Sure, that's an AVR platform where structs are packed and ints are 16 bits, and it returns the size of the struct, in other words, the correct answer. And that's my point, it returns the size of the struct, it's not "don't know", it's not doing anything weird, so why have the question?
But, thus, upon seeing the program, without additional information you cannot know whether it'll give 8 or 3 (or who knows what else), and thus "I don't know." is very much an appropriate answer. Of course, it might be more clear to say "it depends" or "there isn't enough information to answer", but I'd say "don't know" is nevertheless a correct answer. Definitely more correct than "8" at least.
"it's not doing anything weird" only to people who do already know the C standard inside out. But there is a significant amount of people who might not know everything C (or might know that there are some weird things about types, but still assume 'int' will be at least 4 bytes or something).
It's of course not a question of much practical impact (for anyone not working in embedded at least) but it's nevertheless one that can be at least interesting to some.
The only time you're writing sizeof(x) is when you want to know the size of 'x', eg. to store it somewhere else or zero out the memory or something of that sort. And it gives the right answer, great! It doesn't ever do something that's undefined or strange, and it's not an obscure part of the C language.
It seems like you're responding to something that isn't there -- an accusation along the lines of "... and therefore C is a bad language" or "... and therefore sizeof is poorly designed" or "... and it's bad that the correct answer is 'I don't know'".
The author isn't, so far as I can tell, making any such claim.
He's claiming only this: many people who program in C (or C++, which in this particular respect is the same) think they know that sizeof(...) will be 8, or think they know that sizeof(...) will be 5, and all those people are wrong, because it could be either of those things or various other things too, and there are contexts in which you need to be aware that the assumptions you're inclined to make around this sort of code are wrong.
All of which is straightforwardly correct, so far as I can tell.
As the author says, the question is really about struct padding more than it's about sizeof.
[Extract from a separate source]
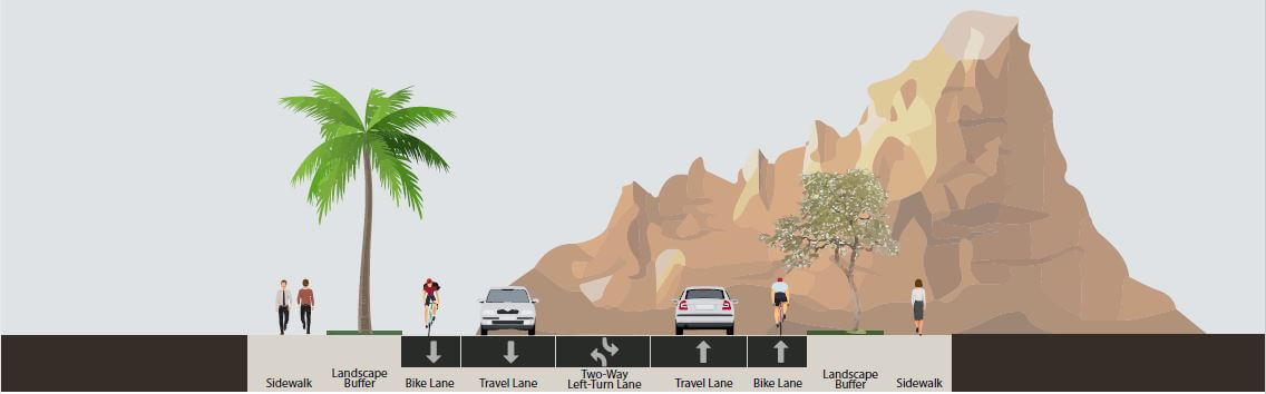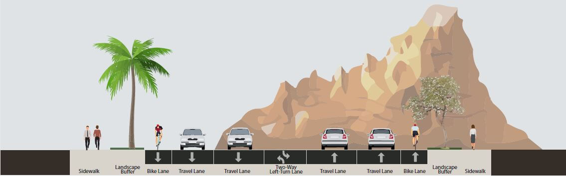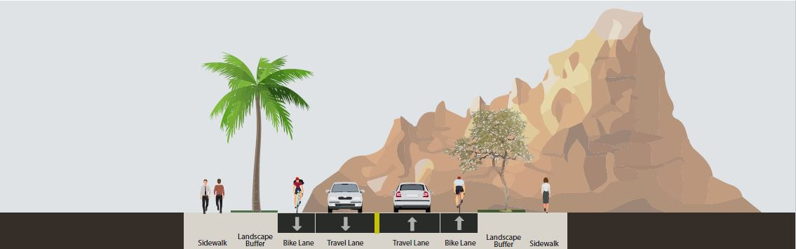 Over the years, some streets were built with too many lanes based on anticipated development patterns that ultimately did not occur. On other streets, creation of the McDowell Sonoran Preserve reduced capacity needs. In all, thirty-two lane miles can be converted to non-auto uses by restriping or narrowing the street. Narrowing the distance between the outside curbs will be considered when the remaining travel lanes will continue to operate at 75% or less of capacity (7,500-10,000 vehicles per lane per day, depending on number of lanes, land use and access conditions).
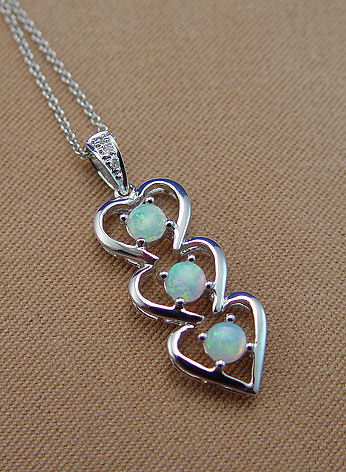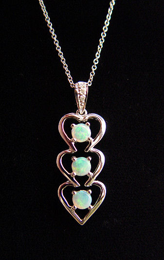 OPAL TRIPLE HEART PENDANT: Stacked heart pendant with each heart centered by a round cut opal, bail set with tiny diamonds, 14k white gold, 16'' chain, 3 grams.

It most likely doesn't matter that much whether or not someone knows that sizeof(...) might not be 8 in this situation. But it might matter if, e.g., they read the docs for some binary file format and see that it looks like
offset type name
0000 int block_size
0004 char record_type
0008 int user_id
000C int unit_id
0010 double radiation_level
0018 int timestamp
and think "aha, I'll make this neater" and write
struct protocol_block {
int block_size;
char record_type;
int user_id;
int unit_id;
double radiation_level
int timestamp;
};
> The first case, for example, returns 8 under any reasonable compiler
That is wrong. This part of C is apparently obscure enough that people make false assumptions like your own I quoted.
After you made that claim, someone provided a case where GCC returns something other than 8 and you edited your statement. Again, your statement was incorrect until you edited it, and so there must be some obscurity involved.
sizeof isn't an obscure part of the language, yes, but the specific behavior here might still be unexpected for a decent number of people, who might, say, think they can always use "sizeof(int)" and "4" interchangeably to shorten code (which could very well be true for all platforms they will ever care about, but nevertheless is not a guaranteed property by C by itself).
I am old. I remember when sizeof(int) was usually 2. And I may live long enough to see sizeof(int) typically be 8.
The 16-to-32 bit transition broke a lot of code that assumed sizeof(int) was 2. The next transition may do the same. (Or, we may keep "int is 32 bits" forever, and use long for 64. Who knows? I don't. You probably don't, either, so don't assume that sizeof(int) = 4.)
The present behavior on normal 32-bit and 64-bit platforms is that, on both, 'int' is 4 bytes, and 'long long' is 8 bytes; and on 64-bit, whether 'long' is 4 or 8 bytes depends on the ABI/target OS.
I'd imagine it's quite likely that 'int' stays 4 bytes even on hypothetical 128-bit CPUs - there's not much reason to change it, as on 64-bit it's already less than the CPU width, and thus is pretty much arbitrary even today. But yes, anything that wants a 4-byte/32-bit integer should just use <stdint.h>'s int32_t.
> But, thus, upon seeing the program, without additional information you cannot know whether it'll give 8 or 3 (or who knows what else), and thus "I don't know." is very much an appropriate answer.
May it is appropriate, but its underhanded.
I mean if someone gave the single line of Go code:
s := x + y
And then, when you said "that adds two number", the someone replied "Hah! Gotcha! The answer is 'I don't know'"
I don’t get what you’re saying - what’s underhanded about saying structure packing can have unexpected results across platforms, architectures, compilers and even compiler flags?
The point is that you could only ever say for sure what the answer will be if all that is exactly specified, otherwise your assumption could be wrong.